↓↓↓

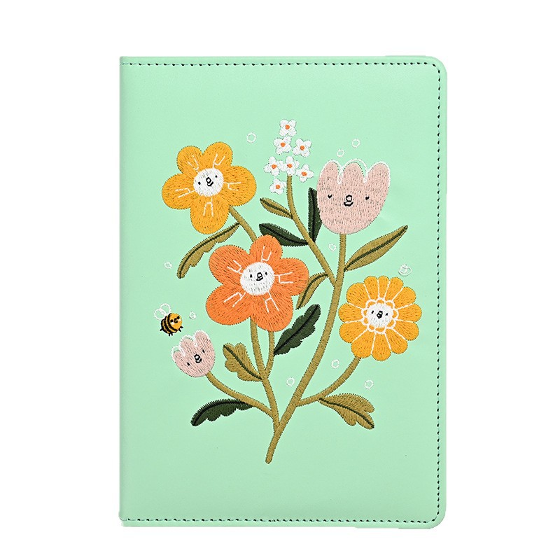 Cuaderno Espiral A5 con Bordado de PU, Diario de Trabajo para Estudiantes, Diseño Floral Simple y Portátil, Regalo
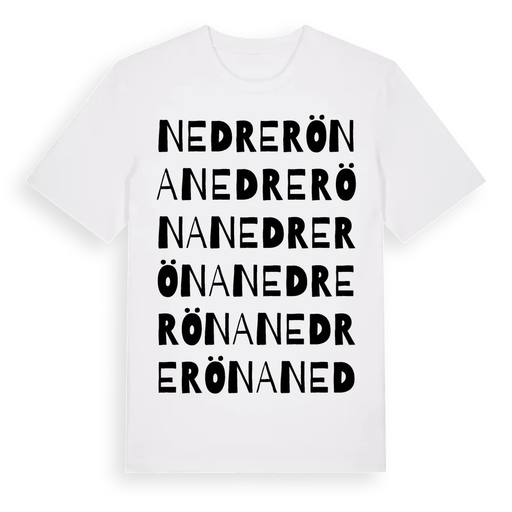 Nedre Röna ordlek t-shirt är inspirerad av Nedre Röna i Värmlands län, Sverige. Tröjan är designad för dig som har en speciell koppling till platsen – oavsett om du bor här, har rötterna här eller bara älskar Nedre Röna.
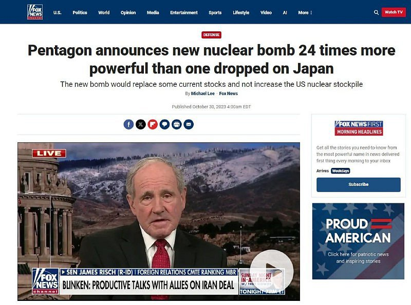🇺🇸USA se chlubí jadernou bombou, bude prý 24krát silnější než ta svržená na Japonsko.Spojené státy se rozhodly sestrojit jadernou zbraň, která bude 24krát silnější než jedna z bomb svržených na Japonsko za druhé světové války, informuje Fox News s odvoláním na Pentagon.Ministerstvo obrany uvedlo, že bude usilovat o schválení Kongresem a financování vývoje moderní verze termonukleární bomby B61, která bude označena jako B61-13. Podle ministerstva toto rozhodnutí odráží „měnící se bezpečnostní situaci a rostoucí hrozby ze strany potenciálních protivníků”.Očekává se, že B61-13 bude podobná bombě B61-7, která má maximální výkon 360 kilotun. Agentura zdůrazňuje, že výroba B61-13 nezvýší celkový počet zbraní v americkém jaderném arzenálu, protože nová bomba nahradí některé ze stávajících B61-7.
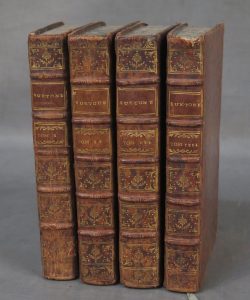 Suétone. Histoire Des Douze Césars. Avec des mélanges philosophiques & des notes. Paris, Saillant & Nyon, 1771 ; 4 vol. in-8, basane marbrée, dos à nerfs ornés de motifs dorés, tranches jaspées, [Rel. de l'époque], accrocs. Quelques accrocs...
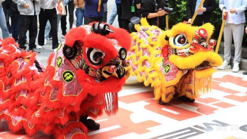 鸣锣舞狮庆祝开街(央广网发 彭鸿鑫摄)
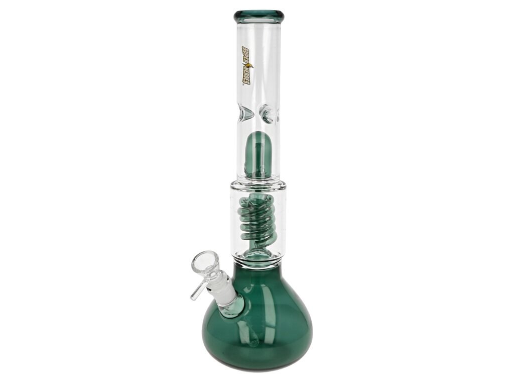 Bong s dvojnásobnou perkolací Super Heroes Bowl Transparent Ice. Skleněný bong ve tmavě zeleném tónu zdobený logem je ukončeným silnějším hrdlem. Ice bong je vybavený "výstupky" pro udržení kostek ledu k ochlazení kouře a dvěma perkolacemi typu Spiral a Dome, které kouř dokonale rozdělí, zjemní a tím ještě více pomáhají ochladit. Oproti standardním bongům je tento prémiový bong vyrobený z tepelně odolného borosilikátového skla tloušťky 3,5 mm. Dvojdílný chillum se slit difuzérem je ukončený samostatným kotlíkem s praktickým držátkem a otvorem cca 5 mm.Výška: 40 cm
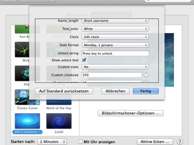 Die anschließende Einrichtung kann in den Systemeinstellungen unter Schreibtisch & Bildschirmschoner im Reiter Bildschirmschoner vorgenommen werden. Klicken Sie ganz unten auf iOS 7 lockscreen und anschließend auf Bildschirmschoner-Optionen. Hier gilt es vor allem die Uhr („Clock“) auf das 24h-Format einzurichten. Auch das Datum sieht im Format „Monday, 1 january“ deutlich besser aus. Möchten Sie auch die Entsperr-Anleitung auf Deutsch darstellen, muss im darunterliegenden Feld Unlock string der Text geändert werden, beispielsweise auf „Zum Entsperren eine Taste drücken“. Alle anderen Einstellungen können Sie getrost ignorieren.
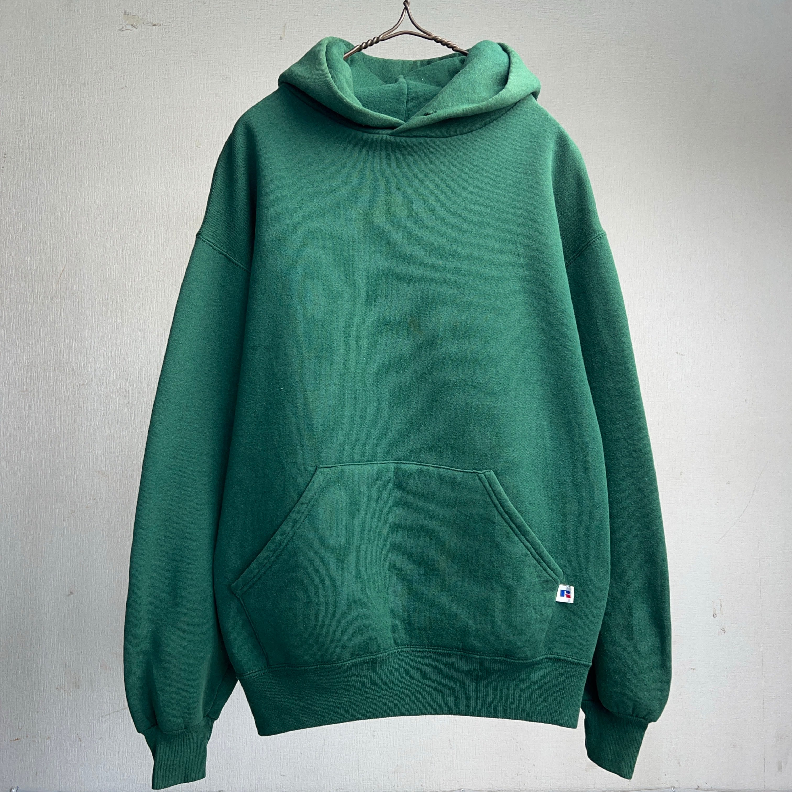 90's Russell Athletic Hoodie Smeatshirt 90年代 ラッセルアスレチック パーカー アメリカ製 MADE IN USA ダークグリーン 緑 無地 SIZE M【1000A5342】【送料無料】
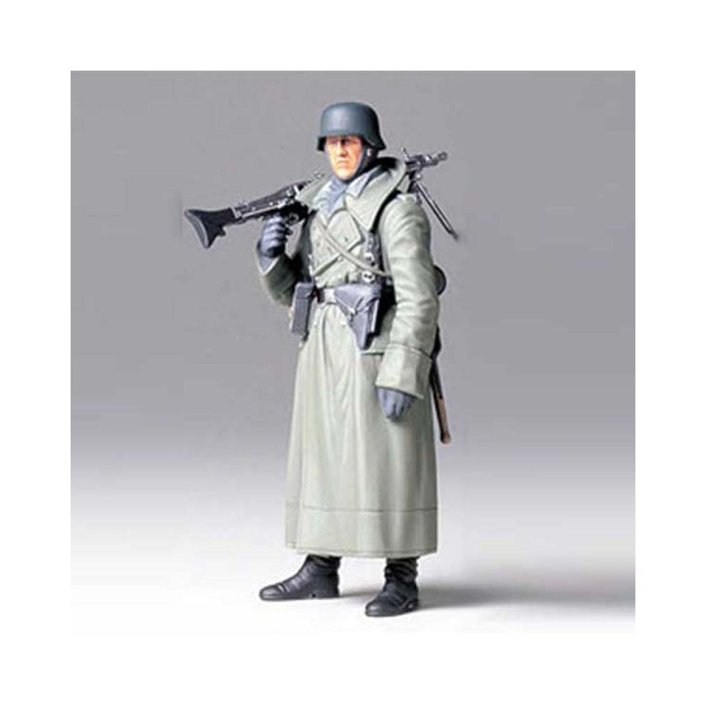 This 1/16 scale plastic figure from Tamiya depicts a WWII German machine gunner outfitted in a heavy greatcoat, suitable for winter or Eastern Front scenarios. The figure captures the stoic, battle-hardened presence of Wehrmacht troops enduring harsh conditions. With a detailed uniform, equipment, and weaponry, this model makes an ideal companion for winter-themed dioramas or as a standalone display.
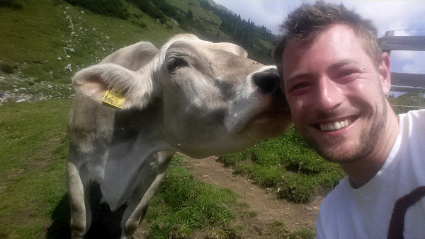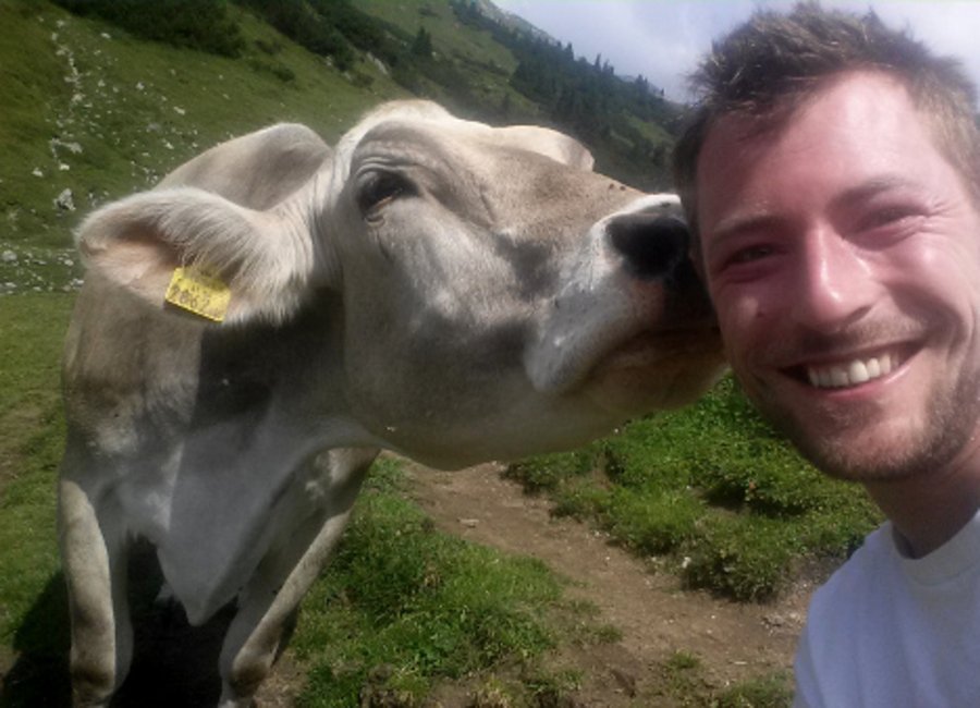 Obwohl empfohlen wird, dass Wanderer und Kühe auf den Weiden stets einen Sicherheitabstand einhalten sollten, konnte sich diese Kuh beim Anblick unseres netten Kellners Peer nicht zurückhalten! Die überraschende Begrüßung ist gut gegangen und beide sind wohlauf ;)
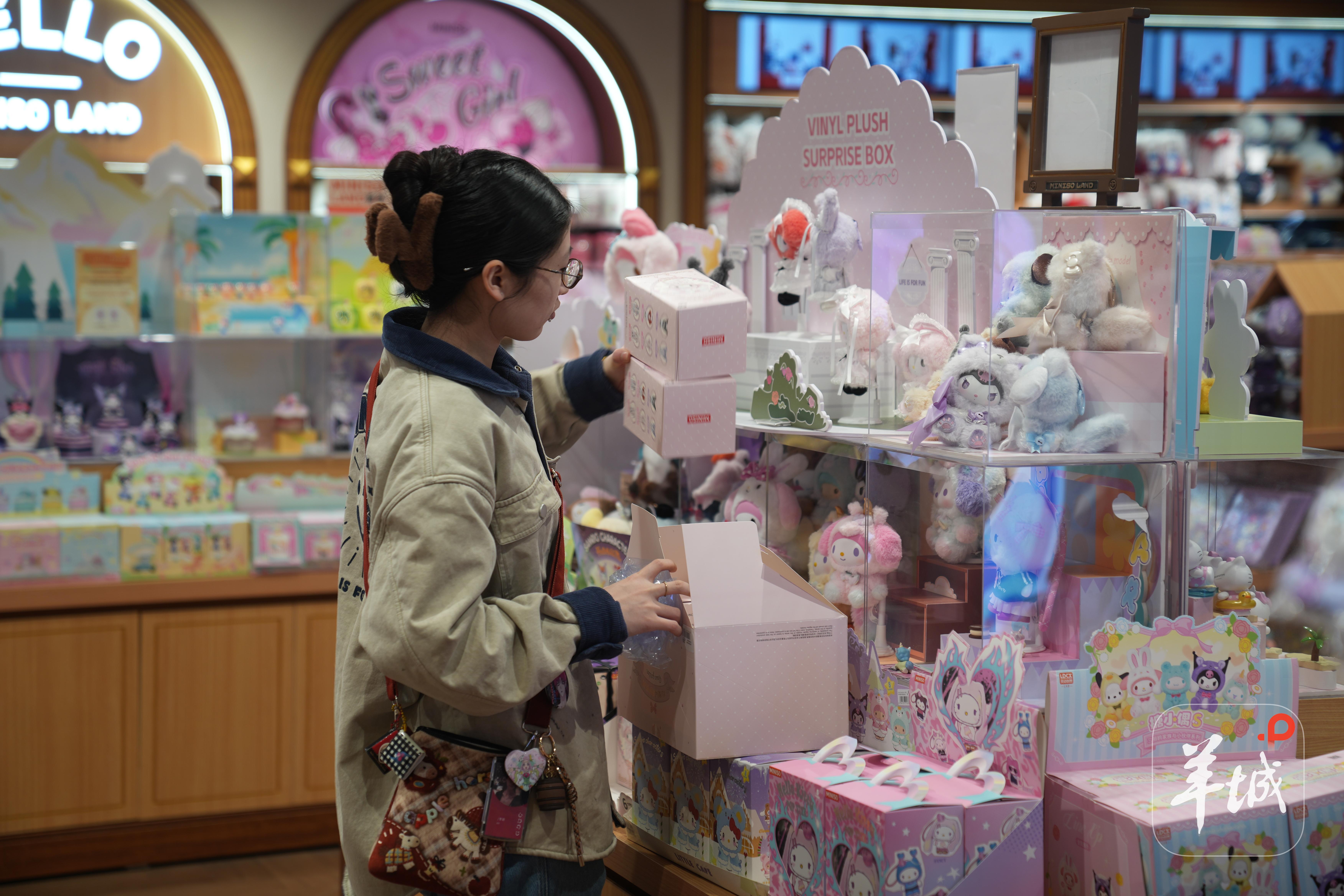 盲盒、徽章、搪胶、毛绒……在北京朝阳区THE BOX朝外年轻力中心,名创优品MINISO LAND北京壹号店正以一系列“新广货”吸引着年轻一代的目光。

↑↑↑

### Task instructions:
Please output every line of the listing as it stands, and omit its images.

### Problem solution:
 Cuaderno Espiral A5 con Bordado de PU, Diario de Trabajo para Estudiantes, Diseño Floral Simple y Portátil, Regalo
 Nedre Röna ordlek t-shirt är inspirerad av Nedre Röna i Värmlands län, Sverige. Tröjan är designad för dig som har en speciell koppling till platsen – oavsett om du bor här, har rötterna här eller bara älskar Nedre Röna.
🇺🇸USA se chlubí jadernou bombou, bude prý 24krát silnější než ta svržená na Japonsko.Spojené státy se rozhodly sestrojit jadernou zbraň, která bude 24krát silnější než jedna z bomb svržených na Japonsko za druhé světové války, informuje Fox News s odvoláním na Pentagon.Ministerstvo obrany uvedlo, že bude usilovat o schválení Kongresem a financování vývoje moderní verze termonukleární bomby B61, která bude označena jako B61-13. Podle ministerstva toto rozhodnutí odráží „měnící se bezpečnostní situaci a rostoucí hrozby ze strany potenciálních protivníků”.Očekává se, že B61-13 bude podobná bombě B61-7, která má maximální výkon 360 kilotun. Agentura zdůrazňuje, že výroba B61-13 nezvýší celkový počet zbraní v americkém jaderném arzenálu, protože nová bomba nahradí některé ze stávajících B61-7.
 Suétone. Histoire Des Douze Césars. Avec des mélanges philosophiques & des notes. Paris, Saillant & Nyon, 1771 ; 4 vol. in-8, basane marbrée, dos à nerfs ornés de motifs dorés, tranches jaspées, [Rel. de l'époque], accrocs. Quelques accrocs...
 鸣锣舞狮庆祝开街(央广网发 彭鸿鑫摄)
 Bong s dvojnásobnou perkolací Super Heroes Bowl Transparent Ice. Skleněný bong ve tmavě zeleném tónu zdobený logem je ukončeným silnějším hrdlem. Ice bong je vybavený "výstupky" pro udržení kostek ledu k ochlazení kouře a dvěma perkolacemi typu Spiral a Dome, které kouř dokonale rozdělí, zjemní a tím ještě více pomáhají ochladit. Oproti standardním bongům je tento prémiový bong vyrobený z tepelně odolného borosilikátového skla tloušťky 3,5 mm. Dvojdílný chillum se slit difuzérem je ukončený samostatným kotlíkem s praktickým držátkem a otvorem cca 5 mm.Výška: 40 cm
 Die anschließende Einrichtung kann in den Systemeinstellungen unter Schreibtisch & Bildschirmschoner im Reiter Bildschirmschoner vorgenommen werden. Klicken Sie ganz unten auf iOS 7 lockscreen und anschließend auf Bildschirmschoner-Optionen. Hier gilt es vor allem die Uhr („Clock“) auf das 24h-Format einzurichten. Auch das Datum sieht im Format „Monday, 1 january“ deutlich besser aus. Möchten Sie auch die Entsperr-Anleitung auf Deutsch darstellen, muss im darunterliegenden Feld Unlock string der Text geändert werden, beispielsweise auf „Zum Entsperren eine Taste drücken“. Alle anderen Einstellungen können Sie getrost ignorieren.
 90's Russell Athletic Hoodie Smeatshirt 90年代 ラッセルアスレチック パーカー アメリカ製 MADE IN USA ダークグリーン 緑 無地 SIZE M【1000A5342】【送料無料】
 This 1/16 scale plastic figure from Tamiya depicts a WWII German machine gunner outfitted in a heavy greatcoat, suitable for winter or Eastern Front scenarios. The figure captures the stoic, battle-hardened presence of Wehrmacht troops enduring harsh conditions. With a detailed uniform, equipment, and weaponry, this model makes an ideal companion for winter-themed dioramas or as a standalone display.
 Obwohl empfohlen wird, dass Wanderer und Kühe auf den Weiden stets einen Sicherheitabstand einhalten sollten, konnte sich diese Kuh beim Anblick unseres netten Kellners Peer nicht zurückhalten! Die überraschende Begrüßung ist gut gegangen und beide sind wohlauf ;)
 盲盒、徽章、搪胶、毛绒……在北京朝阳区THE BOX朝外年轻力中心,名创优品MINISO LAND北京壹号店正以一系列“新广货”吸引着年轻一代的目光。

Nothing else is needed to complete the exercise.